[Material for the task Boundary: Start]
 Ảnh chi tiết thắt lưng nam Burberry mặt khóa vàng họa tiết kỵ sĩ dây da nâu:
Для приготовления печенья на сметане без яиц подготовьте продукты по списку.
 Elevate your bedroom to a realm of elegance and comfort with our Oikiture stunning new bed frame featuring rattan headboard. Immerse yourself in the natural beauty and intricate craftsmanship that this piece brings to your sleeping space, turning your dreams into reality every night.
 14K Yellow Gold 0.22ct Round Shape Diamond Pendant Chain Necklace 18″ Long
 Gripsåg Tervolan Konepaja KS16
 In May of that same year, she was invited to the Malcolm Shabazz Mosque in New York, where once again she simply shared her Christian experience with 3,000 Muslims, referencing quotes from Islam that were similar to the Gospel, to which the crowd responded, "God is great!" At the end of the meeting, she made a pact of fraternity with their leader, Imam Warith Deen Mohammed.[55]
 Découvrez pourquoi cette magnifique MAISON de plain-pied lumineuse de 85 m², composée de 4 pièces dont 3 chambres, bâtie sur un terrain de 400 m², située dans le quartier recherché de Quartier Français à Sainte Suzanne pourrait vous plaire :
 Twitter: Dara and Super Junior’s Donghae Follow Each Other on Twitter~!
[Material for the task Boundary: End]
[Material for the task Boundary: Start]
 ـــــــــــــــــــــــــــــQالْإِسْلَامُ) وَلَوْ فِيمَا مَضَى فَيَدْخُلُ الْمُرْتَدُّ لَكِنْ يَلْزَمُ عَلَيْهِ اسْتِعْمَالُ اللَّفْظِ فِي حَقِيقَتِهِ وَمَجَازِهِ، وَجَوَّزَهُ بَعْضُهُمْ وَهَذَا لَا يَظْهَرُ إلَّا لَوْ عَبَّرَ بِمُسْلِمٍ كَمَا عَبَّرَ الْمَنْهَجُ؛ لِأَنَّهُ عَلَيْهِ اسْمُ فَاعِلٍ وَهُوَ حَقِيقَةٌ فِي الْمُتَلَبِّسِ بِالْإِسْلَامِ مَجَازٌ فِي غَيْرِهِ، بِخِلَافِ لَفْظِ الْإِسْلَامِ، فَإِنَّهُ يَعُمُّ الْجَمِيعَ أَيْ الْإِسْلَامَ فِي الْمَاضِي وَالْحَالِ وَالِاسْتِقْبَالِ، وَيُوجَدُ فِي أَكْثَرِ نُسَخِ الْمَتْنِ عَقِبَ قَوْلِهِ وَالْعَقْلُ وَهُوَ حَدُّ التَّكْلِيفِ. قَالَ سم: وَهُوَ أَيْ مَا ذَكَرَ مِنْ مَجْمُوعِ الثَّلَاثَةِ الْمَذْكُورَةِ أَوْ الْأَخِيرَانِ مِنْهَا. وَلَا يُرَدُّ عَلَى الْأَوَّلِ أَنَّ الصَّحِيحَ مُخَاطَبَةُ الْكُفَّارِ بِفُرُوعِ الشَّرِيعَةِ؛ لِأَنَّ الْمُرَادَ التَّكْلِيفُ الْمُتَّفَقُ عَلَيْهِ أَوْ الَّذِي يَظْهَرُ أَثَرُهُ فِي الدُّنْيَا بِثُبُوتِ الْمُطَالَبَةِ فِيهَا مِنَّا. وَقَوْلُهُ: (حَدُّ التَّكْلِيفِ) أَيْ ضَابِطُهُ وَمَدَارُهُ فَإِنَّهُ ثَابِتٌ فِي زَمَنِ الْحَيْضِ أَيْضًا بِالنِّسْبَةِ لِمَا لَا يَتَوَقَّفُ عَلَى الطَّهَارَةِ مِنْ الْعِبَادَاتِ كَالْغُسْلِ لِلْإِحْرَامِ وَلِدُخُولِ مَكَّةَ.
[Material for the task Boundary: End]
[Material for the task Boundary: Start]
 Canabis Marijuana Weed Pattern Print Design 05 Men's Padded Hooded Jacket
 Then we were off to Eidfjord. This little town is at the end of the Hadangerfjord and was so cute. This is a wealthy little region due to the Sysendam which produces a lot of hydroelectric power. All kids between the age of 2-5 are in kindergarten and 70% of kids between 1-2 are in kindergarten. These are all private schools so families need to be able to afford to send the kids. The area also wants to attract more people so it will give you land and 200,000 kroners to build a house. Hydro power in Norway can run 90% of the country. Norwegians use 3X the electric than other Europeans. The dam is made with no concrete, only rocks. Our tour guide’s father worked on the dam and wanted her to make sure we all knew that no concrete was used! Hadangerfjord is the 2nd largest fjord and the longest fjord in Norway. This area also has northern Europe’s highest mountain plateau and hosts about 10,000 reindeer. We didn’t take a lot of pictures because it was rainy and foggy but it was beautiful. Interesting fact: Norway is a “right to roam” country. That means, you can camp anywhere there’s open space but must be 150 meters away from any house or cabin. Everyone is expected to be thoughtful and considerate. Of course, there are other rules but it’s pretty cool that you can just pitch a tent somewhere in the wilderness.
[Material for the task Boundary: End]
◆ What the task requires
In the entries above, the lines from the one bearing "Ảnh chi tiết" up to and including the one bearing "Для приготовления печенья" should be transcribed exactly; no other line is wanted.

◆ Your response
 Ảnh chi tiết thắt lưng nam Burberry mặt khóa vàng họa tiết kỵ sĩ dây da nâu:
Для приготовления печенья на сметане без яиц подготовьте продукты по списку.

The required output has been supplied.